L'étude, une initiative commune du service de la médecine du sport s'est dirigée par professeur Winfried Banzer et de la clinique médicale I avec le centre gastro-intestinal de l'hôpital d'Agaplesion Markus à Francfort, les deux aboutis par professeur Axel Dignaβ, prouve que les patients avec une tumeur gastro-intestinale avancée peuvent également profiter du traitement d'exercice. Selon les recommandations de l'université américaine de la médecine du sport, les participants ont exercé trois fois par semaine pendant 50 mn ou cinq fois une semaine pendant 30 mn à un rythme qu'ils ont considéré « légèrement tendu ». S'ils ne pouvaient pas manager ceci, alors on leur a permis de diminuer leurs sessions de formation sur la base d'un modèle normalisé.

« Pour quelques patients, il était difficile d'effectuer la marche ou le programme pulsant selon les recommandations, » explique Katrin Stücher. « Un obstacle fréquent était les conditions météorologiques : il faisait trop froid, trop chaud ou trop mouillé. Mais les effets secondaires de la chimiothérapie, tels que la perte de sensation, faiblesse, épuisement, infections ou diarrhée sévère, également ont souvent signifié qu'ils ont dû réduire ou même discontinuer le programme. »

Pour les participants à l'étude, l'objet de valeur prouvé de traitement complémentaire d'exercice en dépit du besoin d'interruptions des temps en temps. La masse musculaire améliorée de même qu'ont fait les propriétés fonctionnelles, telles que le reste, la vitesse de marche et la force de patte. L'étude a également prouvé aux premiers signes que la toxicité de la chimiothérapie peut être réduite par l'activité modérée. C'est important parce qu'il est particulièrement dû aux effets toxiques sévères que les patients présentant le cancer gastrointestinal souvent doivent réduire la dose ou même discontinuer la chimiothérapie totalement.

« Je vais marcher chaque matin.
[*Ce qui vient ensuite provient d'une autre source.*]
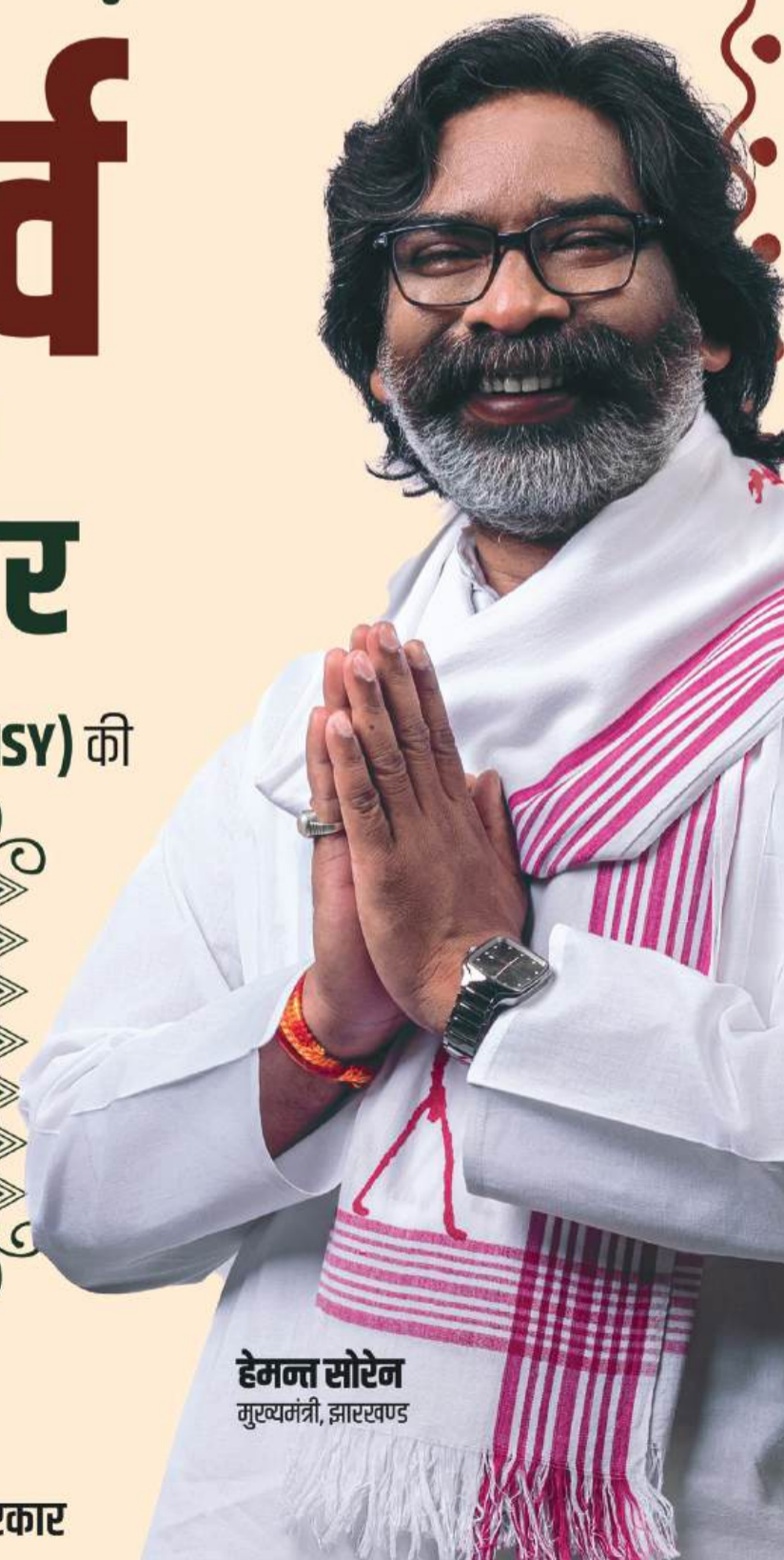
हेमन्त सोरेन मुख्यमंत्री, झारखण्ड

महिला, बाल विकास एवं सामाजिक सुरक्षा विभाग, झारखण्ड सरकार
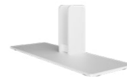
Standfuß Weiß RAL9016
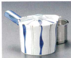
47502-737 乱れ十草SS急須 (有田焼) 4,900円 1人 (10.5×10.5×9.5cm・375cc)
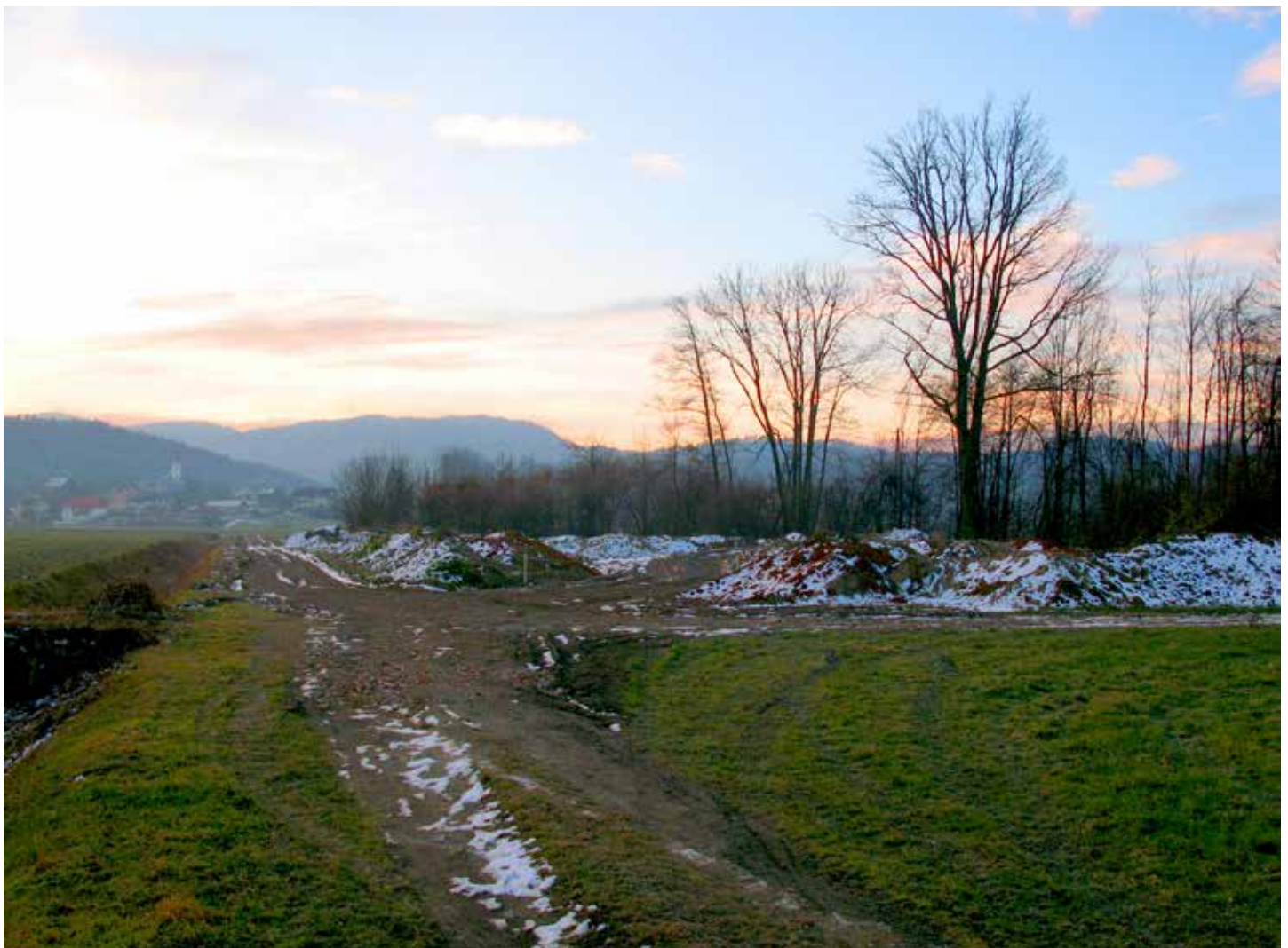
Njivice, Hudičeve jame, januar 2018. Varovalni gozdiček ali "varovana deponija" gradbenega materiala in zemlje ?!

Il est bon pour mon esprit et mon fuselage et moi suis sûrs qu'il contribue à ma guérison. Je pense que si vous ne m'aviez pas encouragé à continuer de s'exercer je n'aurais pas probablement osé me pousser jusqu'ici matériel », le rapporté des participants à Katrin Stücher.

« Nous croyons qu'elle semblera raisonnable à l'avenir de procurer à des patients des occasions à l'exercice matériel pendant la chimiothérapie. Pour éliminer des adversités par les conditions météorologiques, des salles d'exercice ont pu être installées dans les hôpitaux. De plus, nous devrions motiver des patients pour poursuivre le programme après qu'elles aient fait une pause à cause des effets secondaires », dit professeur Winfried Banzer, chef du service de la médecine du sport à l'université Francfort de Goethe.